DBS Group Research analyst Lim Sue Lin says the research house will not discount the possibility of further measures for property lending.

“Take Singapore’s case for example. It took two years before the effect was seen in the sector.

“The republic abolished the Interest Absorption Scheme (IAS) – which is similar to the developers interest bearing schemes (DIBs) – in 2009 to curb speculation, but the impact was muted due to robust demand for properties and low interest rates in the country.

“It took Singapore two years to see a moderation in mortgage growth from a peak of 23% in August 2010 to 16% in September 2012, and finally 12% in September 2013. The first loan-to-value (LTV) ratio tightening measure there was introduced in February 2010,’’ she said in an email reply.

At the same time, Lim and other analysts say there is a need to monitor the applications and approvals for mortgages.

Among some of the broad cooling measures which had been introduced by Bank Negara for the property sector is the 70% LTV cap on a borrower’s third and subsequent property-financing facility, lowering of the maximum tenure for property loans to 35 years from 45 years, the abolition of DIBs, raising of the real property gains tax and increasing the cap on foreigners buying properties to RM1mil from RM500,000.

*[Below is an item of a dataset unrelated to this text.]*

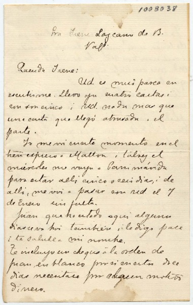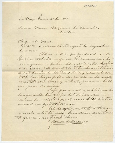 [Carta] 1919 Enero 31, Santiago [a] Señora Irene Lazcano de Bernales [manuscrito] Fernando Lazcano.

RAM Ratings co-head of financial institution ratings Wong Yin Ching says the rating agency does not expect further restrictions on loans to this sector in the near term with macro prudential measures on property lending gradually achieving their desired impact.

“Although residential property loans grew by a strong 13% in 2014, property loan applications were visibly lower while loan approvals were flat last year.

“This lends support to our view that residential property loan growth will moderate this year.

“These cooling measures have also significantly slowed down growth in higher-risk personal financing and credit card facilities,” she adds.

Sharing the same views as Wong, OCBC Bank (M) Bhd country chief risk officer Jeroen Thijs notes: “The intended effects of the macroprudential and fiscal measures introduced since end 2013 seem to be having an effect as the rate of growth in the housing price index has slowed down markedly.

“As such, we do not anticipate the central bank will introduce any additional measures in the short term.”

On the rising household debt to GDP in Malaysia at 87.9% last year (2013: 86.7%), Wong says while she acknowledges Malaysia’s relatively high household debt to GDP level, RAM Ratings does not expect a systemwide deterioration in household loan quality.

This ratio is expected to stay high, reflecting the fundamental demand for home and vehicle financing by the young population, she says, adding that to date, the asset-quality indicators of household loans remain benign.

Against a backdrop of low employment rate, still-healthy domestic economic growth and accommodative interest rate environment, any slippage in household credit quality is expected to be tolerable, Wong says.